__Your assignment__
Within the lines below, the span from the line with "toda la Iglesia" to the line with "에로틱함과 동시에 연출하기도", both ends included, is to be reproduced exactly, with pictures omitted.

__Working data__
- - - - - - -

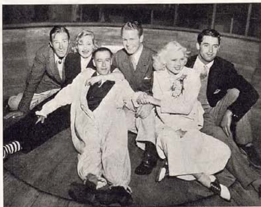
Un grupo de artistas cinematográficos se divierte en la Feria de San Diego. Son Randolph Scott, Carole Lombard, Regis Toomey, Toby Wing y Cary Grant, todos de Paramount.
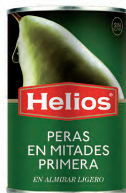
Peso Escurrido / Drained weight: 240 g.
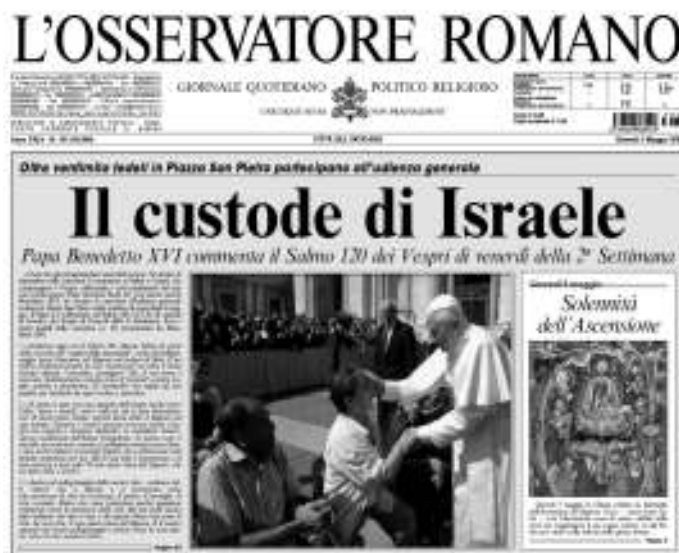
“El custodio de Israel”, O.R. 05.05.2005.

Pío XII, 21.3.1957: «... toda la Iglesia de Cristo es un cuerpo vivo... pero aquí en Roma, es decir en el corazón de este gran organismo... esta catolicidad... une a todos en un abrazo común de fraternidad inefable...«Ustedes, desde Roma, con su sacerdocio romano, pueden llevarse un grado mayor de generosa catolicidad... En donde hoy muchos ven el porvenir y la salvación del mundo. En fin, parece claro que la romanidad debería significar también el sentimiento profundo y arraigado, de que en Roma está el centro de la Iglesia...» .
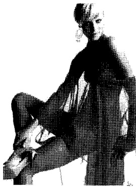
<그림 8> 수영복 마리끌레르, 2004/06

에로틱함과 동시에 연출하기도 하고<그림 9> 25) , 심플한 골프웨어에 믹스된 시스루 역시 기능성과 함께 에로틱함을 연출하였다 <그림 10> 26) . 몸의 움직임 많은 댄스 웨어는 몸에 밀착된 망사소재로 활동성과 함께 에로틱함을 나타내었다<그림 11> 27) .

- - - - - - -

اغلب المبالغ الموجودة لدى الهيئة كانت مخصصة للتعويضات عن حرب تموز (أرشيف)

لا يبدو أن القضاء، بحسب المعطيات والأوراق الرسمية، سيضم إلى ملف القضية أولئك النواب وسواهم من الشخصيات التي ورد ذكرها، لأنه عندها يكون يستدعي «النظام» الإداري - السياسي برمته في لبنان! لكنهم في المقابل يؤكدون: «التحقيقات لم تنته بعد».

- - - - - - -

__Written answer__
Pío XII, 21.3.1957: «... toda la Iglesia de Cristo es un cuerpo vivo... pero aquí en Roma, es decir en el corazón de este gran organismo... esta catolicidad... une a todos en un abrazo común de fraternidad inefable...«Ustedes, desde Roma, con su sacerdocio romano, pueden llevarse un grado mayor de generosa catolicidad... En donde hoy muchos ven el porvenir y la salvación del mundo. En fin, parece claro que la romanidad debería significar también el sentimiento profundo y arraigado, de que en Roma está el centro de la Iglesia...» .
<그림 8> 수영복 마리끌레르, 2004/06

에로틱함과 동시에 연출하기도 하고<그림 9> 25) , 심플한 골프웨어에 믹스된 시스루 역시 기능성과 함께 에로틱함을 연출하였다 <그림 10> 26) . 몸의 움직임 많은 댄스 웨어는 몸에 밀착된 망사소재로 활동성과 함께 에로틱함을 나타내었다<그림 11> 27) .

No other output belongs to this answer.